É uma surpresa quando entramos no mundo destes produtos "verdes". Fazer uma visita pelo supermercado ou hipermercado e observar os produtos que apresentam os rótulos "Eco", "Verde" ou "sustentável" é um verdadeiro desafio. Ás vezes, esta falta de conhecimento leva a que muitas empresas adotem "Políticas Verdes", que parecem ecológicas, mas na prática não o são. Estas políticas são fáceis de analisar por quem tem o "conhecimento ambiental". É como um nutricionista ou um médico observar os produtos que se apresentam como "light" ou "zero açúcar" e conseguir perceber que o açúcar está lá, mas com outro nome. 

Este conhecimento ambiental é urgente, chamamos-lhe "literacia ambiental" e é inclusive um dos objetivos da Estratégia Nacional de Educação Ambiental (ENEA). Após anos de educação e informação ambiental, foi identificada que a nossa sociedade carecia desta falta de "literacia ambiental", a ferramenta que permite dotar a população do conhecimento sobre o tema, que seja capaz para exercer uma cidadania mais inclusiva e visionária das situações e dos problemas, e capaz de garantir a mudança do paradigma social. Esta mudança será feita no dia-a-dia, com o diagnóstico e escolha por opções mais sustentáveis, em todas as dimensões da atividade humana.
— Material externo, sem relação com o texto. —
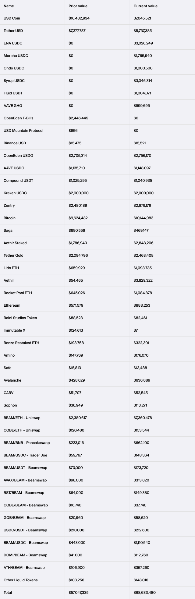 Breakdown of the Beam ecosystem treasury (the “Treasury”) as of September 30th 2025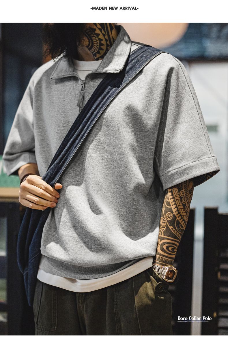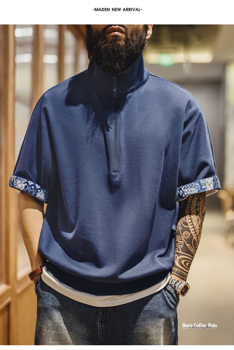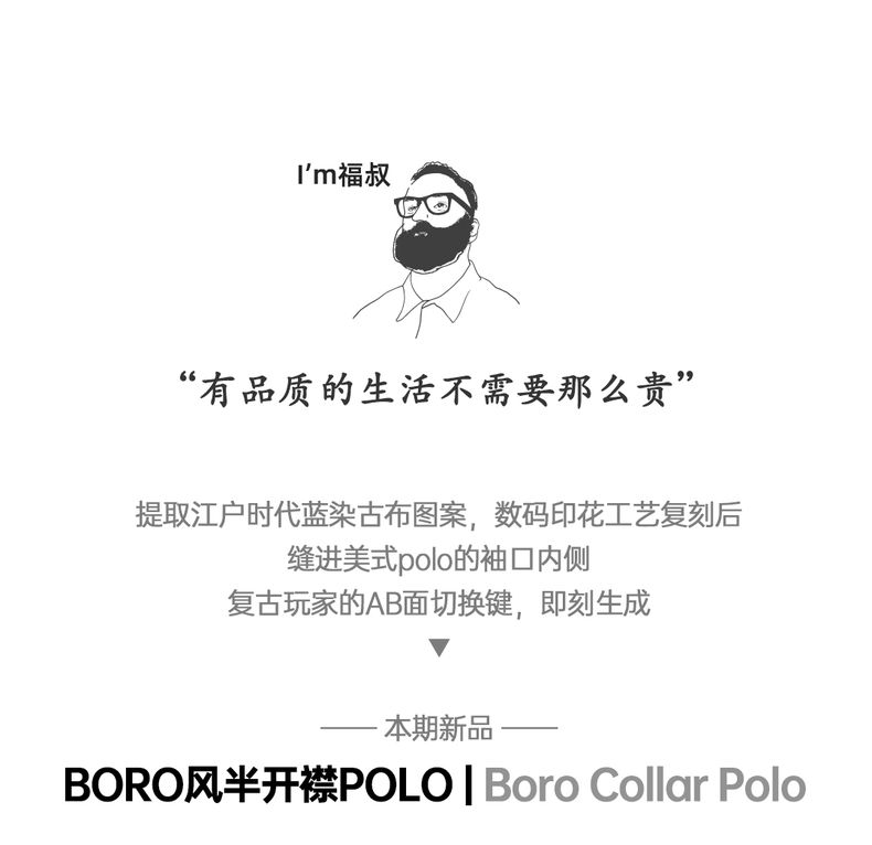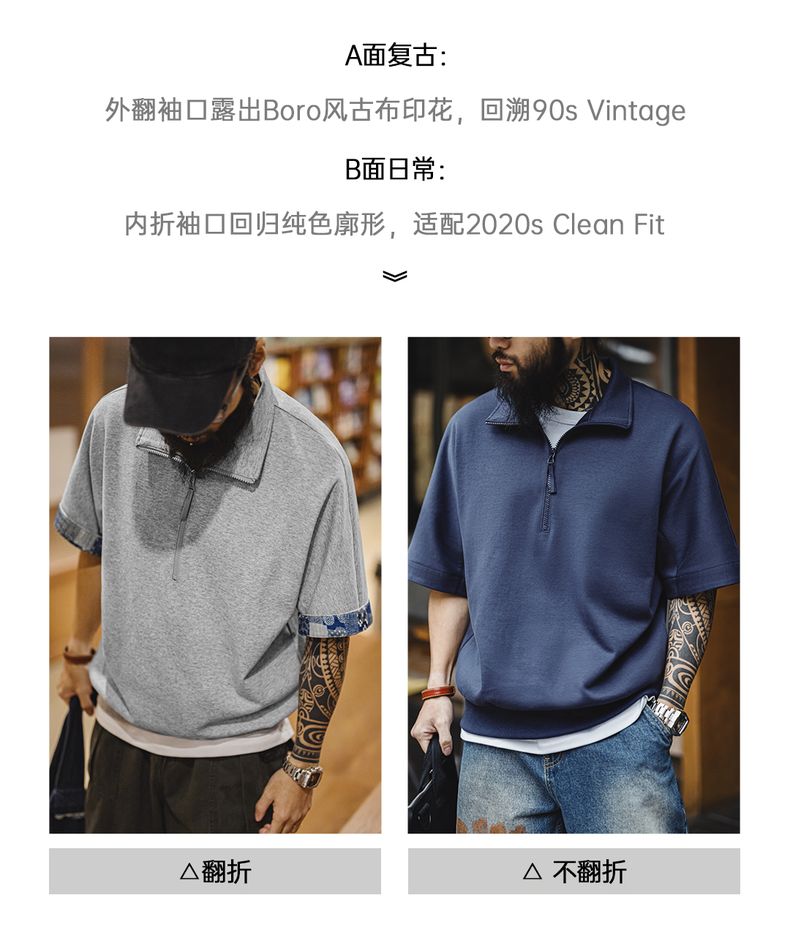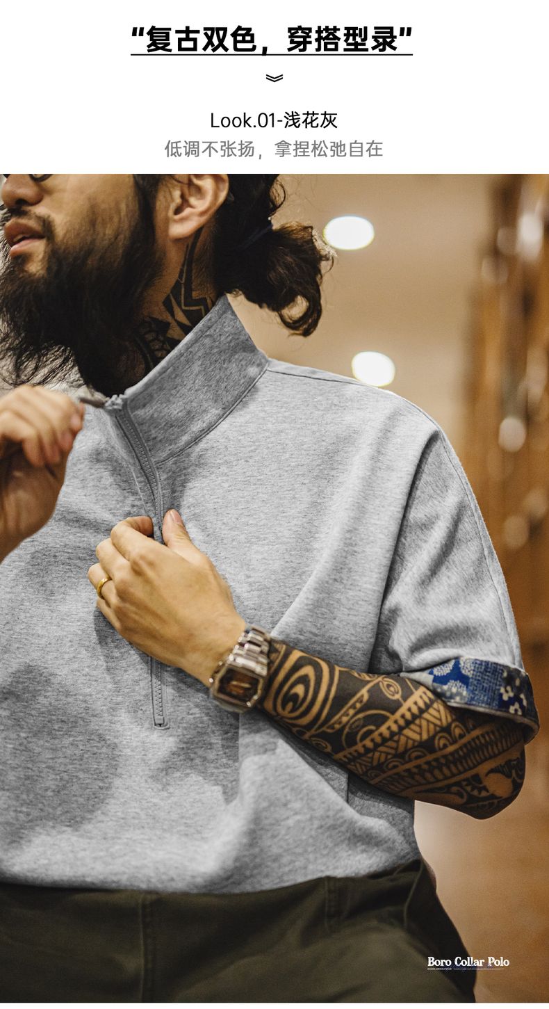工装优选 美式复古boro风半开襟polo古布印花宽松休闲翻领T恤男夏

A literacia ambiental é a ferramenta que as civilizações deveriam apostar para fazer a mudança, para preparar aliados capazes de garantir a transformação necessária, para se conseguir obter os resultados esperados, necessários e visíveis para a mudança ambiental que tem que ser local para que os resultados sejam globais. 

Já dizia Francis Bacon, "O conhecimento é em si mesmo um poder". É esse "poder" que tem que ser transmitido a cada pessoa, em qualquer geração, em qualquer etapa da sua vida, pessoal e profissional. Quando já se possui esse conhecimento (essa literacia ambiental) é criada em cada pessoa uma espécie de formatação para o tema, como que uma mudança de "chip", porque para além da informação sobre os problemas ambientais, é lhes dado a informação sobre o efeito de determinadas ações no Planeta e na Humanidade. A pessoa começa a olhar para as situações com o "filtro da sustentabilidade". Para quem possui este conhecimento, tornam-se fácil identificar os gritantes chapéus "verdes" que são colocados em determinados produtos ou serviços.

Estas perguntas que vos lanço é com o intuito de vos motivar a procurar este conhecimento e garantir que esta capacitação vos conceda este "poder" de serem mais críticos e exigentes com aquilo que vos é "vendido", conseguindo ver o que os produtos são na prática. Desta forma, irão claramente identificar o que precisam ou não precisam de ajustar no vosso quotidiano e verificar que alguns hábitos ou conselhos das gerações mais velhas eram sábios. Irão confirmar que não precisam de comprar todos os produtos sustentáveis, mas sim adotar os hábitos sustentáveis com os produtos que têm em casa. Esse poder irá ser a vossa bússola para a sustentabilidade, e conseguirão reconhecer facilmente aquelas situações que estão a ser "verdejadas".